The question as to whether the petitioner should be admitted is very much in balance as a result of his examination to this point. The subsequent testimony developed a situation which is conclusive. The petitioner admitted under pressure that he had been making moonshine in 1922, or 1923, and was driving while intoxicated about 1924, and was arrested on each occasion. Within the last five years he has been arrested and convicted of drunkenness three times, according to statements made on the preliminary examination. While these matters are not controlling alone, the attitude of petitioner on the stand regarding them indicated a desire to mislead the court and conceal the facts.

The court asked whether in view of the attitude of the petitioner, and the matters *378 disclosed upon examination, the examiner desired to adhere to his former recommendation. The answer was as follows: "We are bound by instructions of the Central Office."
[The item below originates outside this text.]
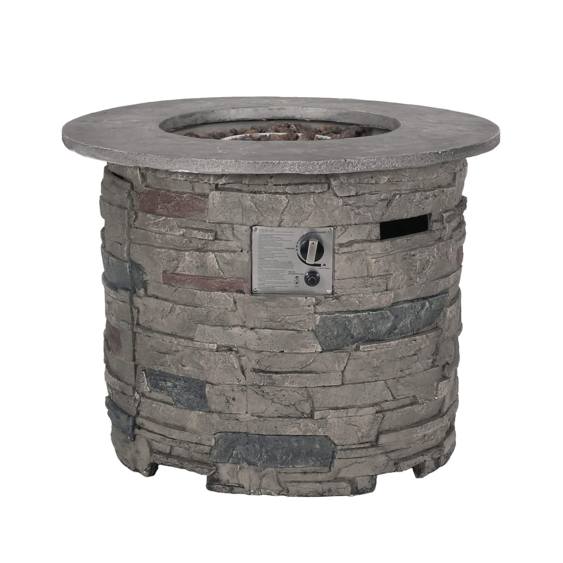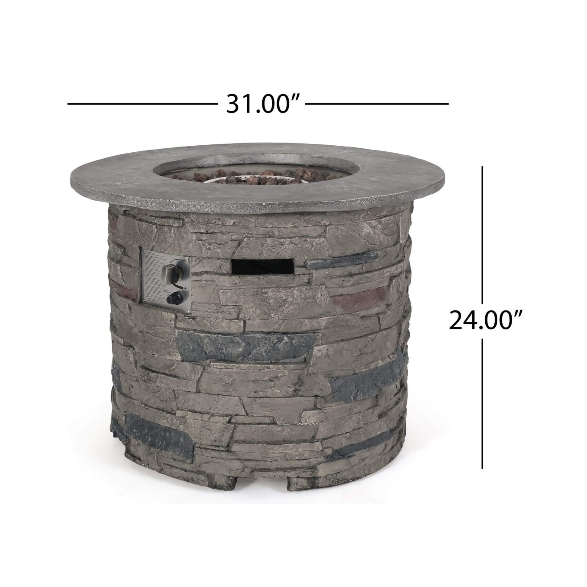 Elevate your outdoor gatherings with the Transitional Concrete Outdoor 32-Inch Round Propane Fire Pit Table! Boasting a sleek gray stone finish and timeless circular design, this fire pit is the perfect centerpiece for patios, gardens, or backyards. Whether you're enjoying marshmallow-roasting evenings or hosting cozy summer nights, its effortless ignitions and customizable flame make creating warmth and ambiance as simple as a single button press.
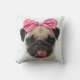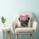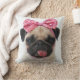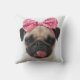 Mops Hund mit Zunge aus, mit einem rosa Band, weißem Hintergrund.

The court concludes that the petitioner has not the moral character, or other qualifications to be admitted as a citizen of the United States.

Detailed findings will be prepared as a basis for an order denying admission.

NOTES

[1] This practice is improper as has been shown before. See In re Boric, D.C., 61 F. Supp. 133, note 4.

[2] Act of October 14, 1940, c. 876, Title I, Subchap. III, § 304, 54 Stat. 1140, 8 U.S.C.A. § 704.

[3] Ex parte Shahid, D.C., 205 F. 812; In re Vasicek, D.C., 271 F. 326; In re Goldberg, D.C., 269 F. 392; In re Meakins, D.C., 164 F. 334; In re Kanaka Nian, 6 Utah 259, 21 P. 993, 4 L.R.A. 726.

[4] O.C.L.A. § 81-103; see Petition of Katz, D.C., 21 F.2d 867.

[5] In re Boric, supra.

[6] The above case was reversed upon the grounds that in a cancellation proceeding the evidence must be clear, unequivocable and convincing, but nothing was said which militated against the expressions above quoted. See Bergmann v. United States, 9 Cir., 144 F.2d 34.